No picture should appear in the copy. Transcribe exactly, and only, the lines from the one with "国土交通省が発表した「地価公" through the last line of the data below.

◆ AVAILABLE DATA ◆
___
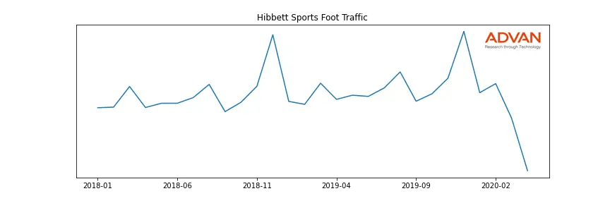 Hibbett Sports along with another 1766 companies belongs to the Advan Consumer Discretionary. The following chart shows the foot traffic index on this sector.
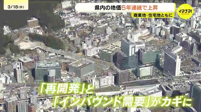 国土交通省が発表した「地価公示」。県内600あまりの地点で行われた調査によりますと、地価は県全体の平均で、住宅地が前の年と比べて1.5%上昇。商業地も3.1%上昇し、いずれも5年連続で上昇しました。
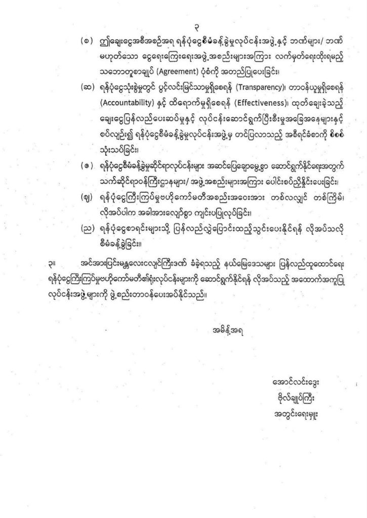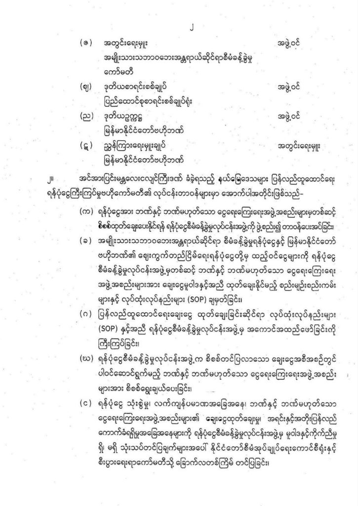 ထို့ပြင် အင်အားပြင်းမန္တလေးငလျင်ကြီးဒဏ်ခံခဲ့ရသည့် နယ်မြေဒေသများ ပြန်လည်ထူထောင်ရေး ရန်ပုံငွေကြီးကြပ်မှုဗဟိုကော်မတီ၏ရုံးလုပ်ငန်းများကို ဆောင်ရွက်နိုင်ရန် လိုအပ်သည့် အထောက်အကူပြု လုပ်ငန်းအဖွဲ့များကို ဖွဲ့စည်းတာဝန်ပေးအပ်နိုင်ကြောင်း ဖော်ပြထားသည်။
___
◆ ANSWER FOR THE TASK ◆
 国土交通省が発表した「地価公示」。県内600あまりの地点で行われた調査によりますと、地価は県全体の平均で、住宅地が前の年と比べて1.5%上昇。商業地も3.1%上昇し、いずれも5年連続で上昇しました。
 ထို့ပြင် အင်အားပြင်းမန္တလေးငလျင်ကြီးဒဏ်ခံခဲ့ရသည့် နယ်မြေဒေသများ ပြန်လည်ထူထောင်ရေး ရန်ပုံငွေကြီးကြပ်မှုဗဟိုကော်မတီ၏ရုံးလုပ်ငန်းများကို ဆောင်ရွက်နိုင်ရန် လိုအပ်သည့် အထောက်အကူပြု လုပ်ငန်းအဖွဲ့များကို ဖွဲ့စည်းတာဝန်ပေးအပ်နိုင်ကြောင်း ဖော်ပြထားသည်။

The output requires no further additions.